Formatting and linting¶
This project uses tox for managing test environments. There are some pre-configured environments
that can be used for linting and formatting code when you’re preparing contributions to the charm:
tox: Executes all of the basic checks and tests (lint,unit,static, andcoverage-report).tox -e fmt: Runs formatting usingblackandisort.tox -e lint: Runs a range of static code analysis to check the code.tox -e static: Runs other checks such asbanditfor security issues.
Structure¶
Check linked code elements: Check that coupled code elements, files and directories are adjacent. For instance, store test data close to the corresponding test code.
Group variable declaration and initialization: Declare and initialize variables together to improve code organization and readability.

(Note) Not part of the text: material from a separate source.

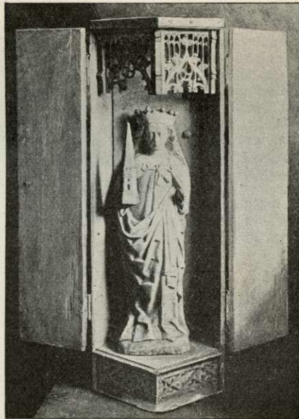
Skt. Barbara i Byrum Kirke.

Den ret anselige Kirke (udvendig c. 35 m lang) bestaar af Skib og Kor ud i eet med tresidet Afslutn., et 20,7 m højt Taarn mod V., Vaabenhus mod N. og Sakristi ved Korets Nordside. Kirken er opf. i gotisk Stil af store, gule Mursten; samtidig med Skib og Kor er Taarn og Sakristi, hvorimod Vaabenhuset er fra Middelalderens Slutn. Bygningen er vist undergaaet store Forandringer allerede i Middelalderen; Norddøren er bevaret i Vaabenhuset, Syddøren er tilmuret. Alle Kirkens Dele er hvælvede; Taarn, Sakristi og Vaabenhus har blindingsprydede Kamgavle. Katolsk Altertavle fra c. 1450 med Fløje og 24 Figurer: I Midtpartiet Marie Himmelkroning, i øvrigt i øvre Række Helgener, i nedre Apostle; over Topstykket er anbragt et sentgotisk Krucifiks (c. 1525); Aarstallet

Split large expressions: Break down large expressions into smaller self-explanatory parts. Use multiple variables where appropriate to make the code more understandable and choose names that reflect their purpose.
Use blank lines for logical separation: Insert a blank line between two logically separate sections of code. This improves its structure and makes it easier to understand.
Avoid nested conditions: Avoid nesting conditions to improve readability and maintainability.
Remove dead code and redundant comments: Drop unused or obsolete code and comments. This promotes a cleaner code base and reduces confusion.
Normalize symmetries: Treat identical operations consistently, using a uniform approach. This also improves consistency and readability.